The gift economy seems more robust, though. My first of many playa gifts was a delivery of piping-hot stone-baked pizza. In true, Burning Man style the delivery girl disappeared before I could thank her.
Desert tips: wear sunscreen!
Another drastic change is the emergence of 'turnkey camps', where Hollywood stars and Silicon Valley entrepreneurs pay for the privilege of a luxury camp. While most of us experience stinky portaloos and survive on a diet of super noodles, these multi-millionaires fly to the desert in private jets, sleep in air-conditioned yurts and have personal chefs. My camp fees were $200/€180, but some of the elite spent $25,000/€22,500.

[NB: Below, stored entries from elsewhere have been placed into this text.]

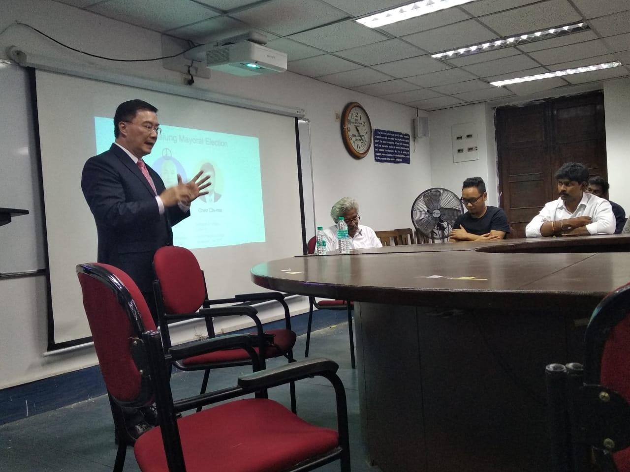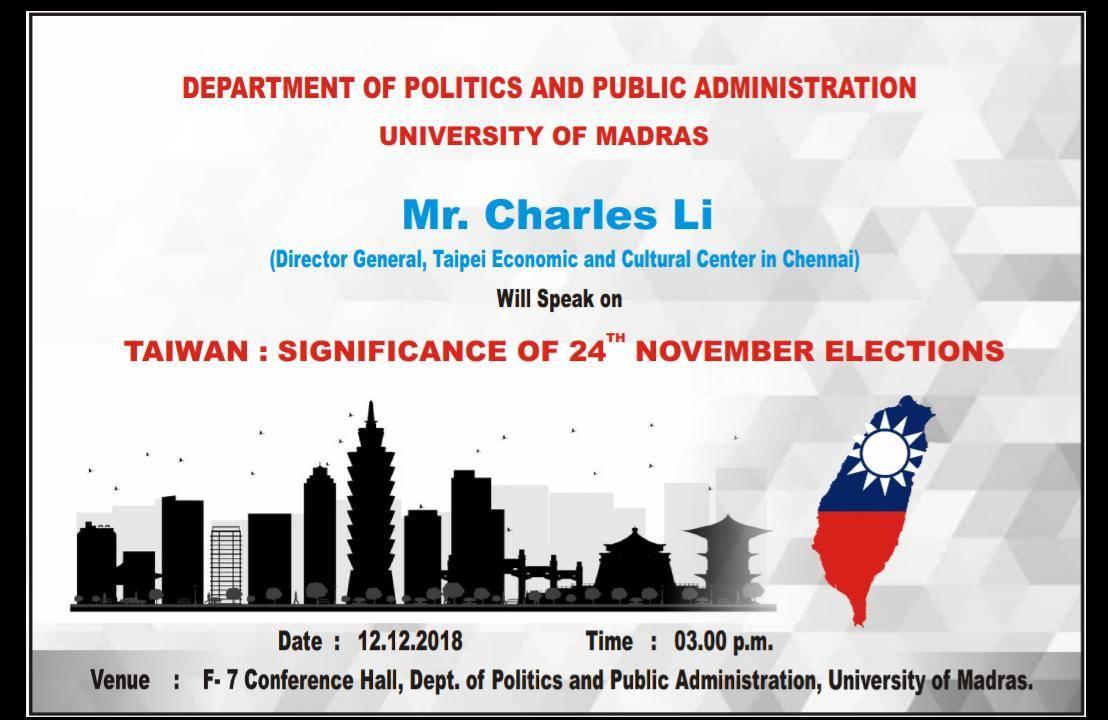 駐清奈辦事處李朝成處長應馬德拉斯大學政治暨公共行政系系主任安沐(Professor Ramu Manivannan)之邀,就11月24日臺灣舉行九合一選舉之意涵發表演說。
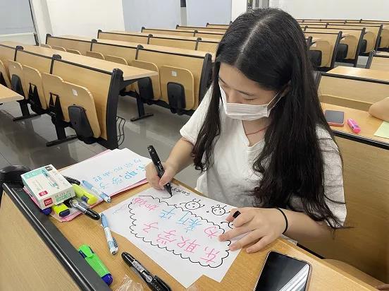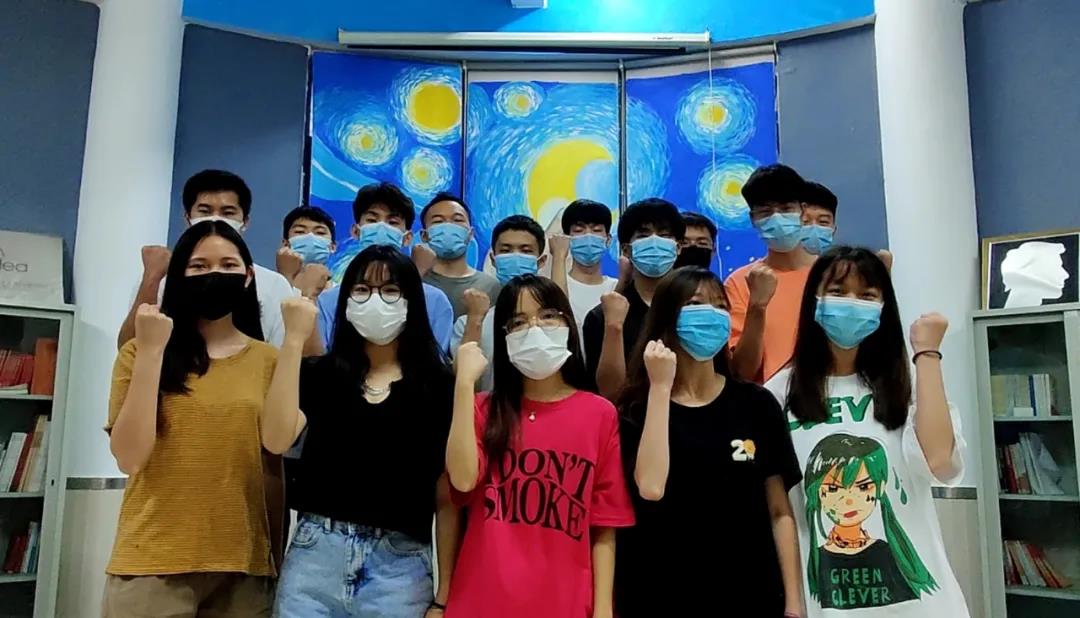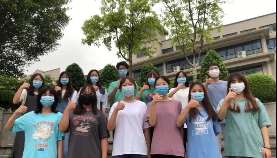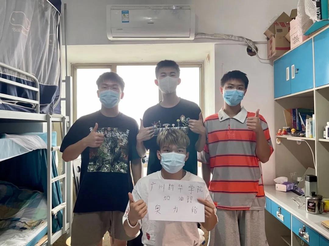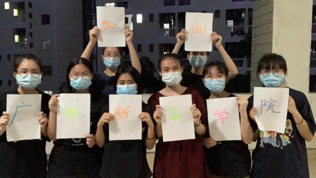 ▲在宿舍阳台上挂着红旗,表达战疫决心。
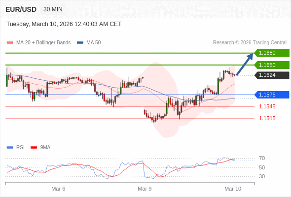 在 1.1575 之上,看涨,目标价位为 1.1650 ,然后为 1.1680 。
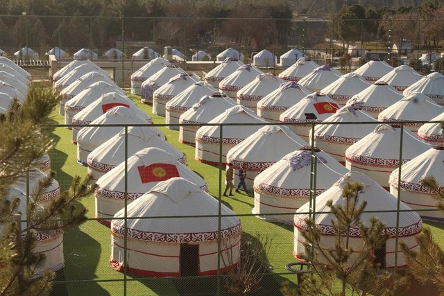 DHA'nın haberine göre Kırgızistan çadırları yağmur, kar ve güneşten etkilenmiyor. 4 kişilik bir ailenin rahatça barınabilecekleri çadırlarda istenildiği takdirde 15 kişi kalabiliyor.
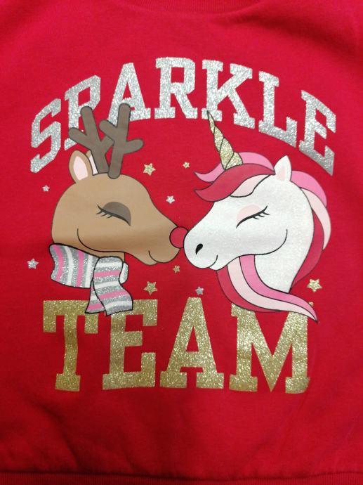 Pulover z božično - novoletnim motivom v rdeči barvi, znamke H&M, št. 146/152. Iz 70% bombaža in 30 % poliestra. Dolžina jopice je 42 cm, od pazduhe do spodnjega roba pa 21 cm. Dolžina rokava od rame do zapestja je 46 cm, od pazduhe do zapestja pa 41 cm. Zelo lepo ohranjeni, kot nova. Možna dostava na Izlake ali v Zagorje, lahko pa pošljem tudi po pošti. Oglejte si še ostale moje oglase po ugodnih cenah.

Initially, I was worried that they would take the festival away from its hippie origins. But to be true to the 10 Principles we must remember 'radical inclusion' - and how can we discriminate against the rich for 'radical self-reliance' on their wallets?
One thing has certainly stayed the same. If there's such thing as an average day at Burning Man, it remains fabulously irregular. It may include getting your hair washed by a stranger, riding in a shark-themed art car, seeing people beat each other with foam sticks or fighting for 'Carrot Power'.

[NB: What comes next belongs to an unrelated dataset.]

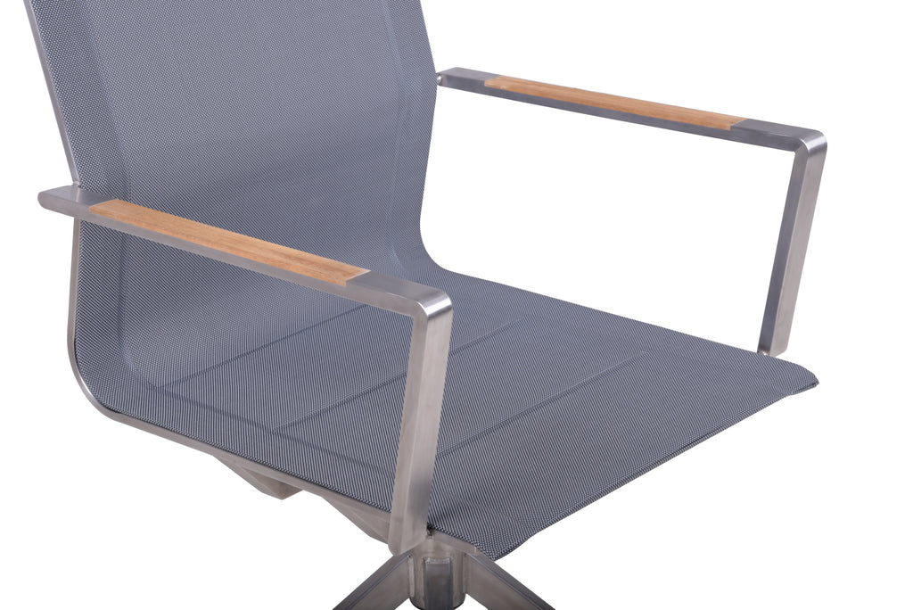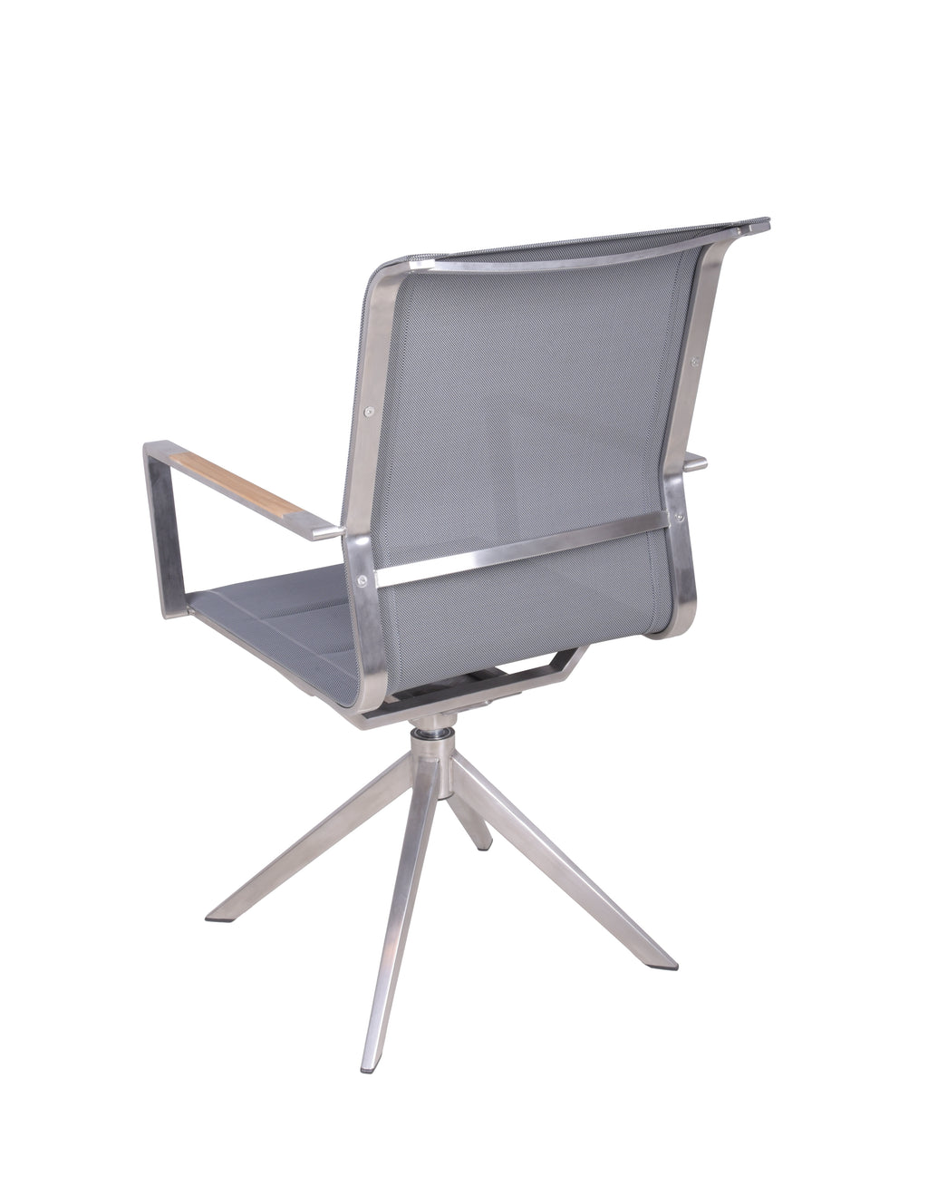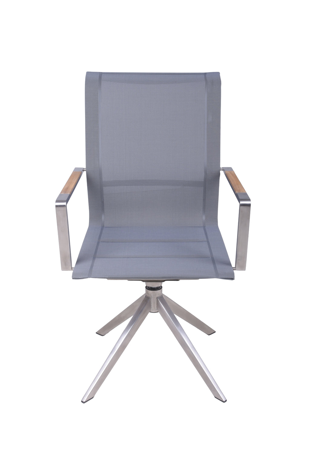 Perfekt für den Esstisch auf der Terrasse oder als flexible Sessel in Ihrer Lounge-Ecke. Die Drehfunktion ermöglicht es Ihnen, sich mühelos Ihren Gesprächspartnern zuzuwenden oder den Blick über den Garten schweifen zu lassen. Die Armlehnen aus edlem Teakholz bieten dabei eine angenehme Auflage.

It was - and is - the most sensory-stimulating place I've ever been.
Burning Man has changed, but now it's even greater than I'd imagined. On my last night, I cycled out into the darkness of the playa and looked back at a city sparkling like a glittering utopia. The metal octopus art car, El Pulpo Mechanico, lumbered through the desert blasting flames from its tentacles. Strobe lights criss-crossed over the city where I'd just had one of the most mind-blowing weeks of my life. It's a place where creativity prevails and the focus is on giving rather than receiving, and it still touches deeply.
I'll definitely be going home again this year.

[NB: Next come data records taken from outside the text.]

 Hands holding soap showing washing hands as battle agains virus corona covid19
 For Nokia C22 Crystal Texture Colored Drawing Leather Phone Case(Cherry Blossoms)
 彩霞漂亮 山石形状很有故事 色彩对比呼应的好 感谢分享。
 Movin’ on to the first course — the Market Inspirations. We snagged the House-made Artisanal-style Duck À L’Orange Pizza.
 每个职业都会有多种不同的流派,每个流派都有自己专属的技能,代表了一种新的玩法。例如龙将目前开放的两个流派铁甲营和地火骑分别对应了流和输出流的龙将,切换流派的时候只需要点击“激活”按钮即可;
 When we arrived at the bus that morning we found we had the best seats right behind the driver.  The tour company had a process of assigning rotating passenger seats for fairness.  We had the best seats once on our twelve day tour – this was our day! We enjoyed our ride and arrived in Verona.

A bike is essential to get around, as is a head torch for finding things and LED lights to decorate your tent, bike and self! Bring goggles and a bandana to protect your eyes and mouth from sandstorms. Bring Ziplock bags, toilet paper, wet wipes, hand sanitizer and something to gift, too.
Aer Lingus (aerlingus.com) flies daily from Dublin to San Francisco with fares starting from €349 each way including taxes and charges. To learn more about Burning Man and for information on the Burner Express Bus, visit burningman.org.
The Irish collective Secrets Sounds Festival (secretsounds-festival.com) has renovated a fleet of old American school buses, and offers tailor-made packages including the return journey from San Francisco, bunk bed accommodation, contribution to the camp's art installation, food and water from $970/€883.
Lake Tahoe, Nevada
The 10 Principles
In 2004, the founder of Burning Man (Larry Harvey) set out 10 principles to reflect the community's ethos and culture. They are radical inclusion, gifting, decommodification, radical self-reliance, radical self-expression, communal effort, civic responsibility, leave no trace, participation and immediacy.
Take care
Ignore the FOMO (Fear Of Missing Out). You simply can't get to everything. It's tempting to dance 'til dawn every night, but this is a seven-day festival so you have to pace yourself. Wear closed-toe shoes to protect your feet from alkaline dust and protect your skin with a spray bottle of water and lemon.
Afterwards
Reno's Grand Sierra Resort (grandsierraresort.com) has become host to the official Burning Man after-party. Burners flock to the hotel to dance by the pool to festival DJs. For something a bit more relaxing, head to Lake Tahoe (above), a large freshwater lake in the Sierra Nevada Mountains.